Tendulkar hasn’t been in the best of form in this series, and the one time when it looked like he was regaining a bit of touch, in the fourth game, he was the victim of an umpiring error. He made 32 in the third game without really looking anything like his best.

But Hyderabad was a different story. He watched as the flamboyant Virender Sehwag sprayed the ball all around the ground in a quickfire knock of 30 that kept the scoring rate high – India needed a trace over 7 an over to win after Australia made 350 – and kept his end up, taking no chances.

The bad balls were treated as they deserved but Tendulkar played as though he was planning to settle down at one end for the night. It almost turned out that way. It took until the seventh over for a masterly touch, when he played a classy pull shot and a flick off Doug Bollinger, both to the boundary.

He had to cope with the distraction of reaching 17,000 runs in one-day cricket early on in his innings and as there was a full house, there was quite a din when he achieved that mark.

But his concentration never flagged. It was in the 20th over that he began to look ominous when he went back and across to hit Watson over the mid-wicket boundary. There was control, class and domination writ large in that one stroke.

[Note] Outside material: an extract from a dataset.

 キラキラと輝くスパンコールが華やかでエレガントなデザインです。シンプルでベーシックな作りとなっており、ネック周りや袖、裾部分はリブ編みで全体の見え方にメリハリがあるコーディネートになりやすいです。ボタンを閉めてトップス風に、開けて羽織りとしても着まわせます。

At that point, anyone who has seen him play a long innings would have realised that he would be at the crease for a while.

In the same over, he drove home the message by hitting Watson to the cover boundary, dancing down the track and placing the ball very neatly just out of reach of a diving extra-cover fieldsman.

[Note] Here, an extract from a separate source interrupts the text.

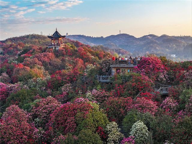 贵州乌蒙山区,百里杜鹃景区的野生杜鹃花相继绽放,如同一条彩带飘舞山间,这里有面积大、种类多、保存完好的原始杜鹃林。景区管理单位举行了祭花神等丰富的民俗活动。

He treated Nathan Hauritz with contempt in the next over, hitting two sixes off successive balls. One went over long-off, the other over long-on. Hauritz saw the second one coming and dropped it short but Tendulkar adjusted in a trice and did not even bother to run.

After his captain, Mahendra Singh Dhoni, left at 162, Tendulkar found an ally in young Suresh Raina, who played with panache. The pair went through the same routine time and time again – they played a couple of overs without taking a risk, and then got the run-rate back to a manageable level with some calculated big-hitting.

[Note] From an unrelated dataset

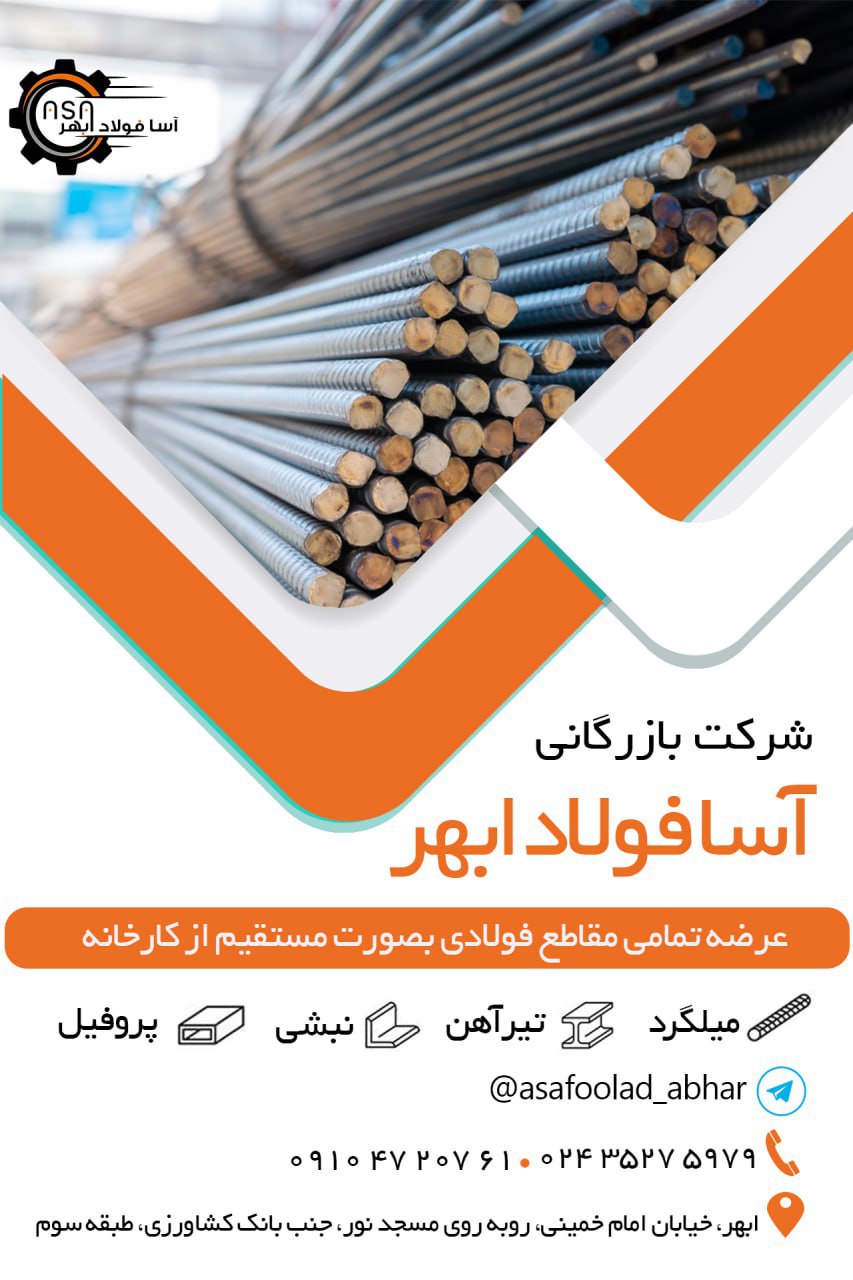 #آسا_فولاد_ابهر ▫️عرضه تمامی مقاطع فولادی بصورت مستقیم و بدون واسطه ▫️به قیمت کارخانه ▫️بصورت عمده و خرده ▫️میلگرد ▫️تیرآهن ▫️نبشی ▫️پروفیل 🔺عرضه میلگرد میانه ...

The big hits were never made in desperation; they were cricketing shots every time. Despite the big total, it was Australia that looked the worried team.

Raina was dropped twice but Tendulkar only offered one half-chance when he had crossed 130. It looked very much like India would get home with the little master there at the end.

But, sadly, it was not to be. Not that Australia deserved to lose; it was just that with a player like Tendulkar in such majestic form, he deserved to be on the winning side.

In the 48th over, he fell to debutant Clint McKay. A slower ball caused his demise as he failed to clear short fine-leg with an up-and-under. Hauritz took the catch and the game was over.

India had 19 runs to get off 17 balls but as usual the tailenders flattered to deceive and fell in quick succession to hand Australia victory by three runs.

The night belonged to one man, Tendulkar. He played down his contribution by characterising his 141-ball 175 as “one of my best. I was striking the ball very well…”

Then he went on to talk about the game and the rest of the team. Like Lara, he often plays great innings and ends up on the losing side. He hasn’t won as many games off his own blade as Lara did but the only word that fits for a knock like this is genius. There is no current player in the game who is his equal.